When Jesus died for our sins, he didn’t say he was dying for these 47
sins, but not those 23 sins. He died
that all our sins might be forgiven. He
even forgave those that murdered him.
That is what we are called to do as married couples, to round out the
fullness of living a sacramental marriage. That even means forgiving adultery,
should that horrible circumstance become part of our life together, as
difficult as that will likely be.
I’m going to
suggest a formula for seeking forgiveness from each other, which I freely admit
to stealing from Catholic Engaged Encounter: if you are the one seeking
forgiveness, say to your spouse, “Please forgive me for hurting you when I
did/said/forgot to do/forgot to say _______”.
This formula shows the offending spouse acknowledges that he/she did
something to hurt the other and is actively seeking forgiveness for doing
so. On the other side, this formula
calls for a response by the offended spouse, a decision to love, to reach out,
and to help heal.
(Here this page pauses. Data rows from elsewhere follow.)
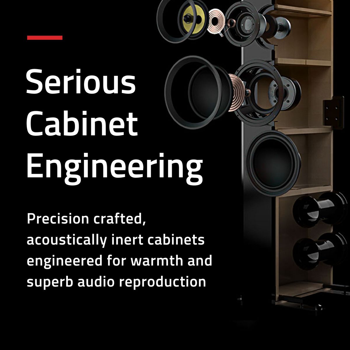 The cabinets are precision crafted with engineered wood to create a warm, distortion-free sound. The tapered cabinet design reduces standing waves eliminating unwanted cabinet resonance. The tower speakers' cabinet is composed of separate internal enclosures keeping sound waves isolated to eliminate acoustic interference. Outriggers with sound-isolation floor spikes eliminate floor reverberation.
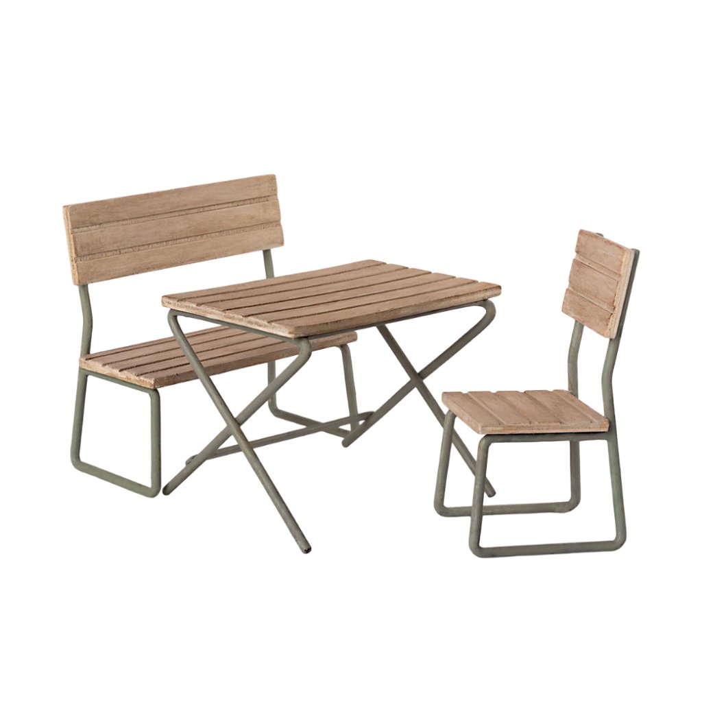 MAILEG Miniaturní zahradní set – Stůl se židlí a lavicí
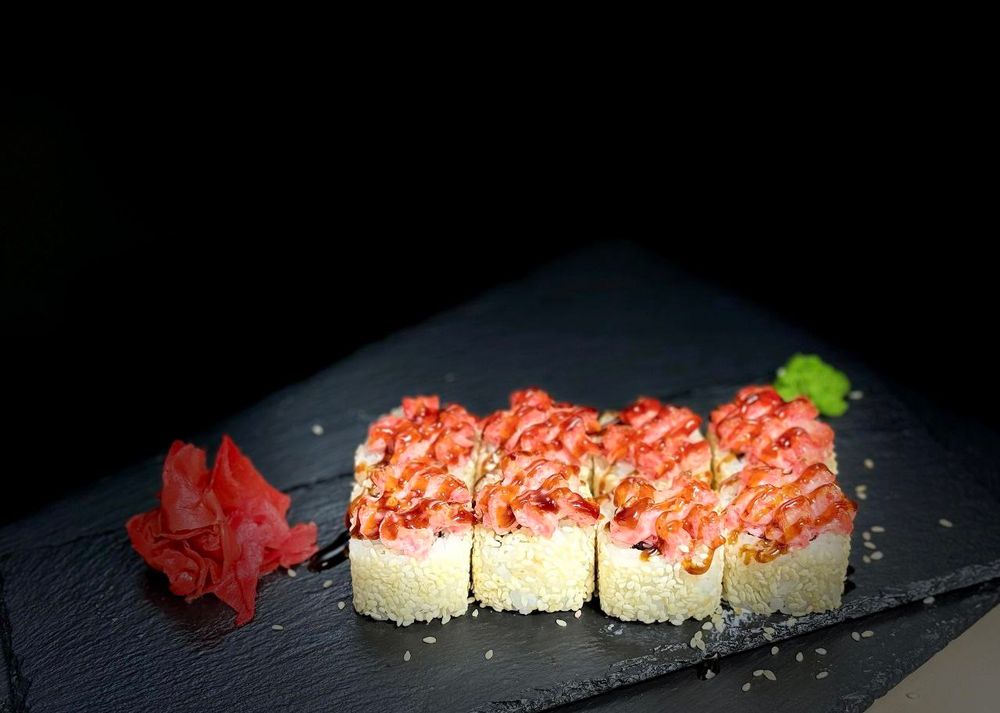 Состав: рис, нори, кунжут, сыр, лосось, огурец, смесь для запекания масаго, унаги, 30мл соевого соуса, 30мл имбиря, 5мл васаби

All too often in our
society, we hear the formula used, often by celebrities and other public
figures, “I’m sorry if anyone was offended by what I did or said.” That is useless to me as an apology. It doesn’t acknowledge an offense was
committed and it doesn’t take responsibility for committing the offense, nor
does it seek forgiveness and reconciliation.
How refreshing it might be if instead we heard, “Please forgive me for
causing you pain and hurt because of my stupidity in acting or speaking the way
I did.” But, I digress.
So, in summation, a sacramental Christian marriage is one between two baptized
persons (I know I didn’t cover that part), in which each party is fully and
freely committed to the possibility of new life being created from their
relationship, and in which each party is fully and freely committed to modeling
God’s love and forgiveness in all they do.
By doing so, the married couple truly become a sacrament, manifesting
God’s love and presence to all around them.
Look around you – I’m sure you’ll see many married couples who are
living sacramentally, whether they are Catholic or not.
If you, dear
reader, have any questions on this topic or other topics relative to the Roman
Catholic faith, I’d be happy to hear from you.
I will not engage in debate with people who do not agree with the Roman
Catholic Church’s position on sacramental marriage, nor will I debate civil
marriage equality in response to this posting.
Thank you for reading this and may God bless you in all you do.